Investigators said Ahmad had obtained classified documents discussing a U.S. Navy fleet's vulnerability to attack. Ahmad's family said it would appeal Wednesday's decision, setting up a High Court challenge to contentious new rules that allow American authorities to seek extradition without producing evidence of a crime. The case is proceeding under new extradition rules that lessen the burden of proof in some cases, allowing certain countries — including the United States — to provide "information" rather than evidence that a crime has been committed. Some lawyers and civil libertarians are alarmed by the "fast-track" procedures, which are not reciprocal because the U.S. Senate has not yet ratified the extradition treaty. A petition calling for Ahmad to remain in Britain gathered thousands of signatures.

Ahmad's lawyers have 14 days to appeal. They said if evidence against him existed he would have been charged in Britain. British police arrested Ahmad on suspicion of terrorism offenses in December 2003, but released him a week later without charge. "If our government has any evidence of wrongdoing on the part of Babar Ahmad, then he should be charged in this country and put on trial here," said Iqbal Sacranie, secretary-general of the Muslim Council of Britain.

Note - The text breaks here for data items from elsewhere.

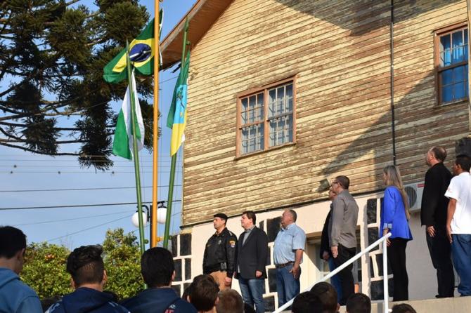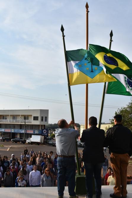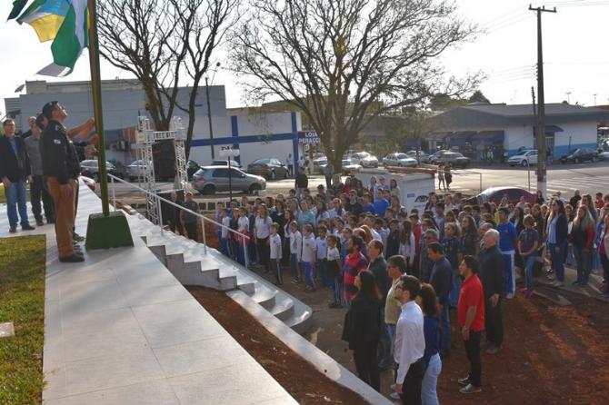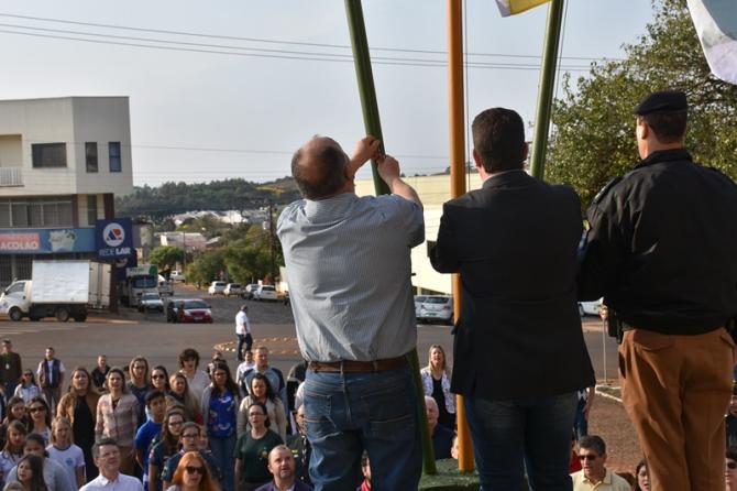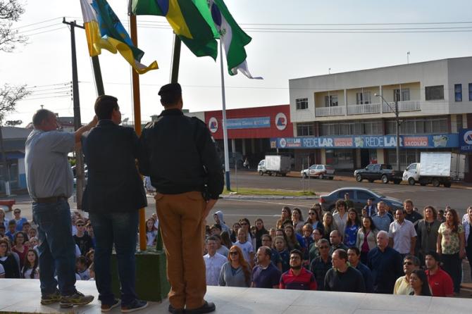 Na manhã desta sexta-feira (1°), Poderes Legislativo e Executivo realizaram a solenidade de abertura da Semana da Pátria, no piso externo da Câmara de Laranjeiras. A cerimônia foi marcada por hasteamento de bandeiras e canto dos Hinos Nacional Brasileiro, do Paraná, de Laranjeiras do Sul e da Independência. As festividades encerram no próximo dia 7, com ato cívico na Praça José Nogueira do Amaral, a partir das 8h.
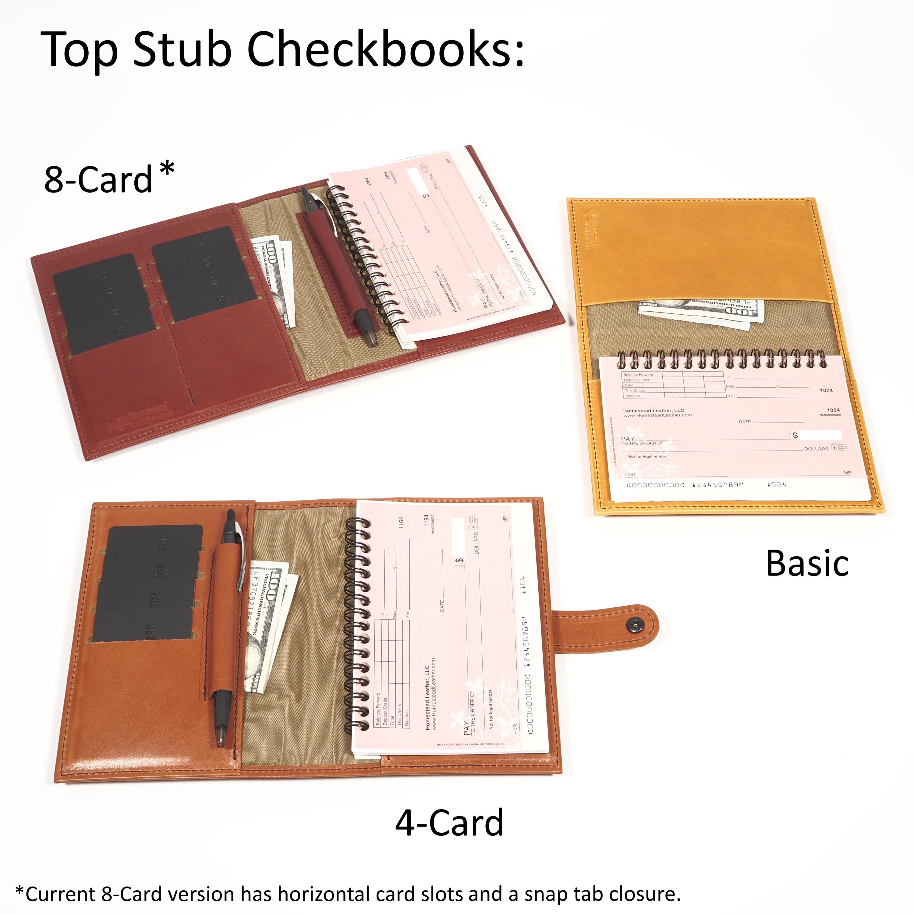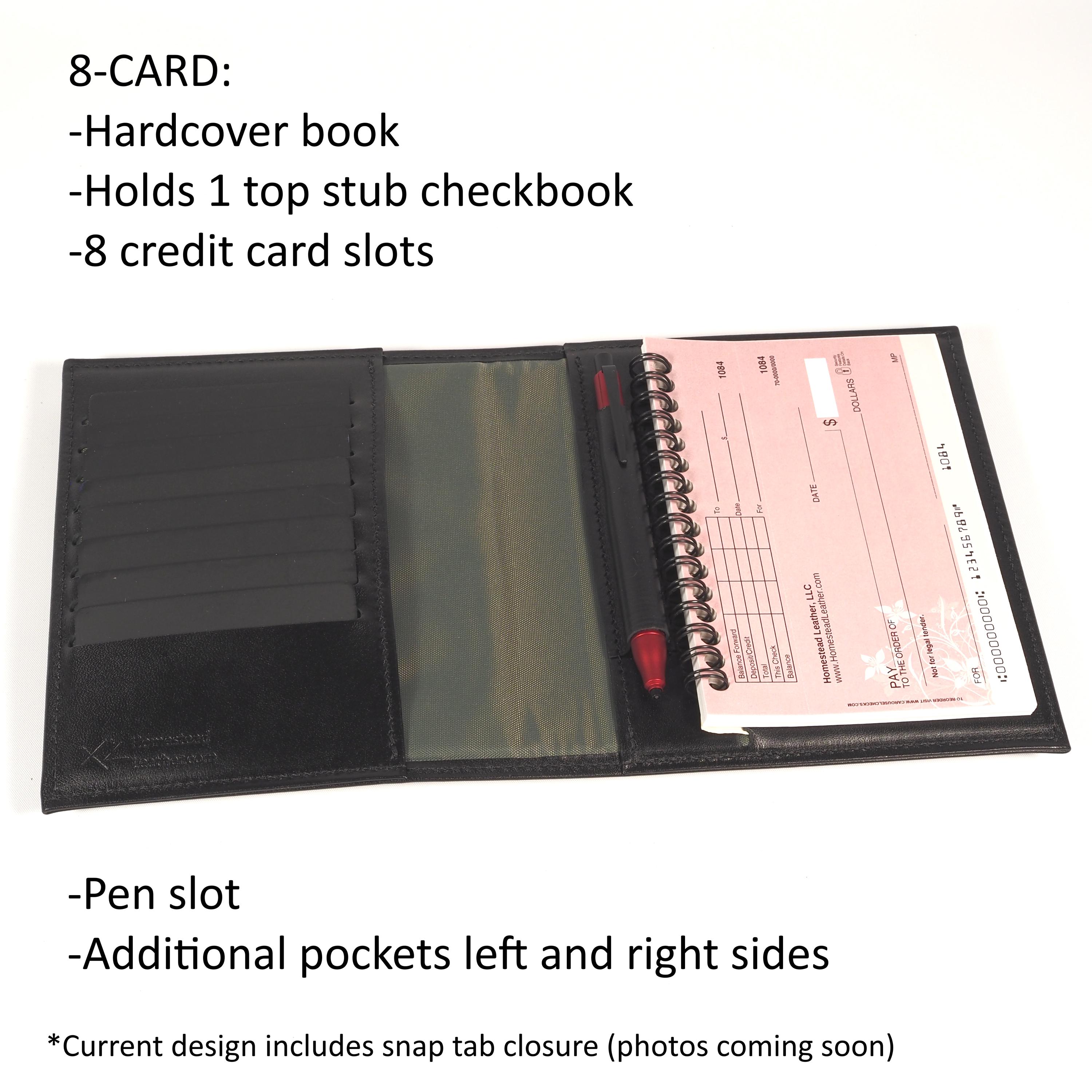 I designed these covers to hold one TOP STUB, or Top Register, checkbook. I currently have three designs to choose from, all of which are hardcover books. Chose my Basic checkbook for a minimal streamlined design, my 4-Card version to serve as a great everyday carry or my 8-Card version for maximum storage. I use the best quality leathers available for my products and line the inside for a finished feel. Because I strive to make the best quality products possible, I guarantee my work for life.
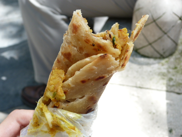 It’s not often that you come across a lunch that’s spicy across the board, but that’s what I found the other day when I finally had a chance to stop by the Desi Food Truck, aka the latest truck to decamp to the Financial District after being kicked out of midtown. They have a vegetarian and meat version of a “Desi lunch special” and since the combination of a kati roll and dal sounded delicious, that’s what I ordered.
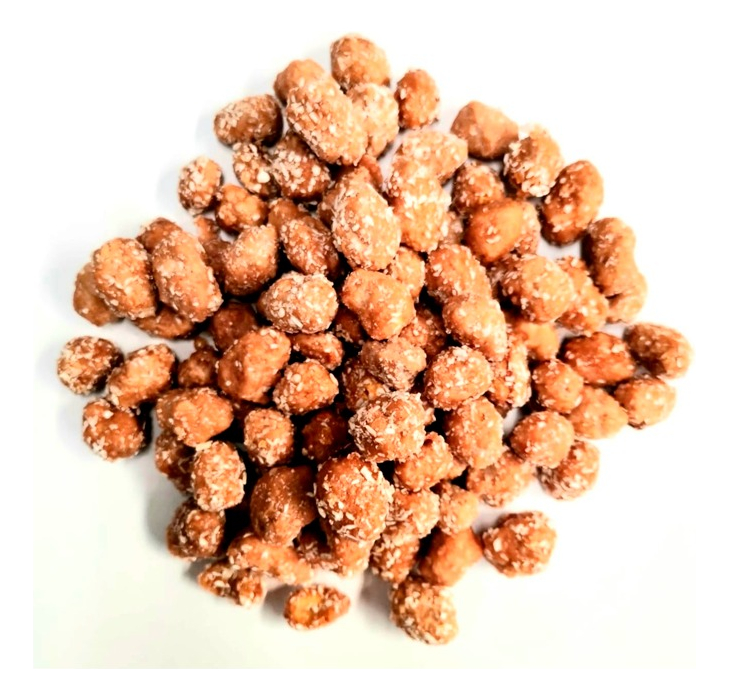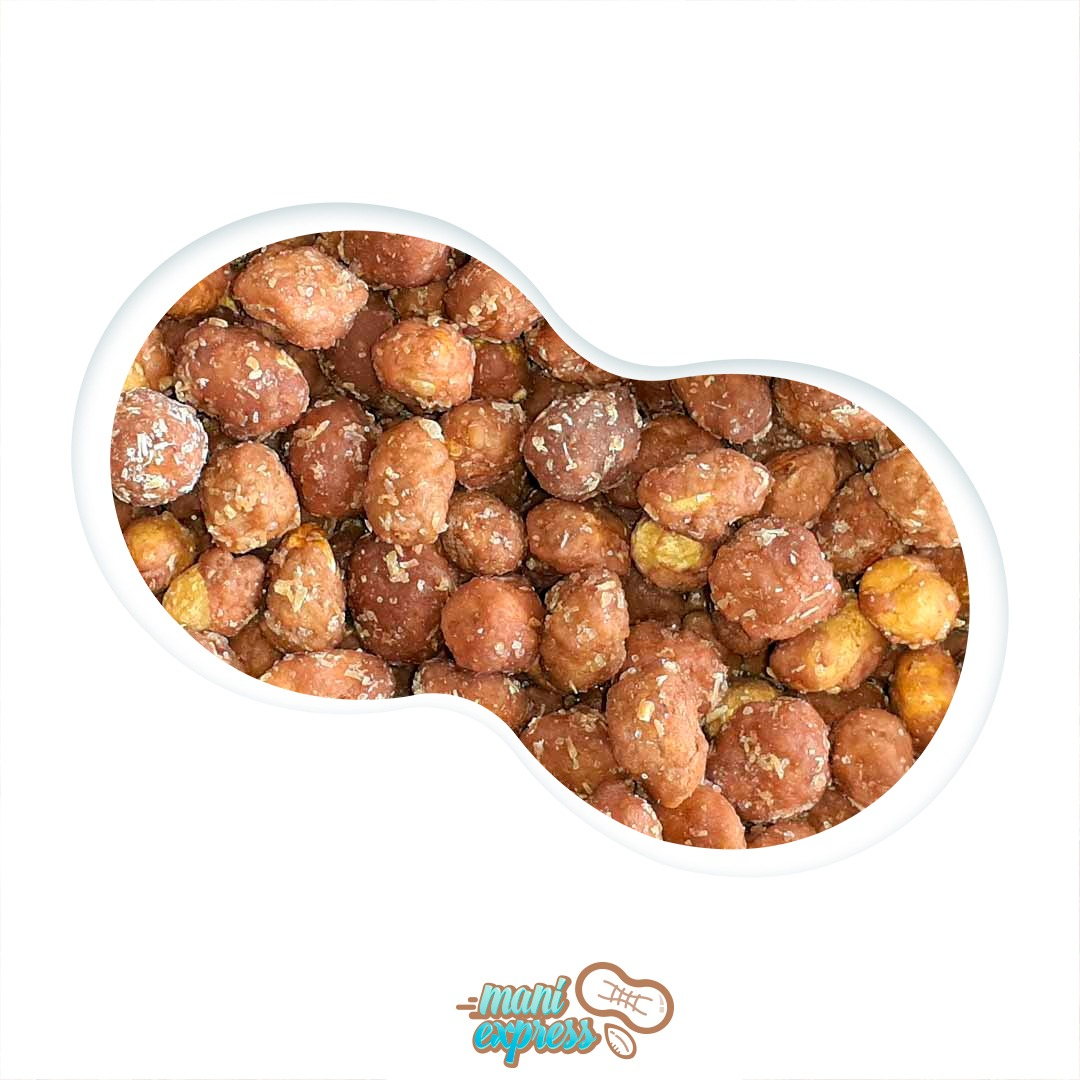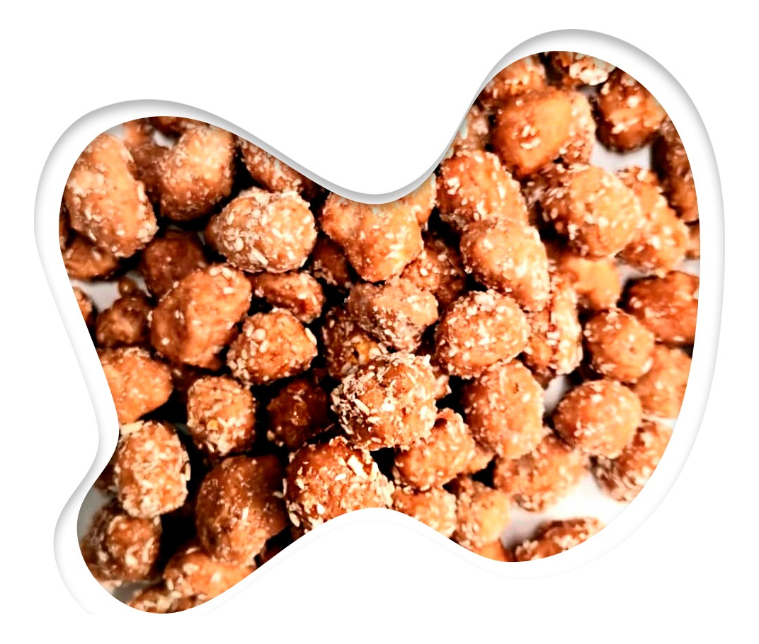 Mani confitado sabor a chocolate con coco rallado.

In a statement posted on the Web site www.freebabarahmad.com, Ahmad said Clarke's decision "should only come as a surprise to those who thought that there was still justice for Muslims in Britain." The lawmaker for Ahmad's home district in south London, Sadiq Khan, also said he should face trial in Britain. "Mr. Ahmad's family and the local community are extremely concerned that he will not be subject to a fair trial in the United States," Khan said.

In May, Judge Timothy Workman allowed extradition after receiving assurances from U.S. authorities that they would not seek the death penalty or declare Ahmad an "enemy combatant," a category applied to detainees at Guantanamo Bay in Cuba. British law forbids the extradition of suspects who could face capital punishment. Workman called the extradition bid "a difficult and troubling case," and said it raised complicated issues that the High Court should explore. Before the new rules were introduced, several high-profile U.S. extradition bids fizzled out when authorities were unable to back up their charges of terrorism with evidence.

In April 2002, Workman dismissed a U.S. extradition bid against Algerian pilot Lotfi Raissi, who was arrested shortly after the Sept. 11, 2001, attacks and accused of being a lead trainer for the suicide hijackers. Workman ruled that the United States had offered no evidence to link Raissi to terrorism. The same year, U.S. authorities failed in a bid to extradite Egyptian Yasser el-Sirri, who allegedly funded terrorist activities targeting the United States, after the British government decided there was not enough evidence.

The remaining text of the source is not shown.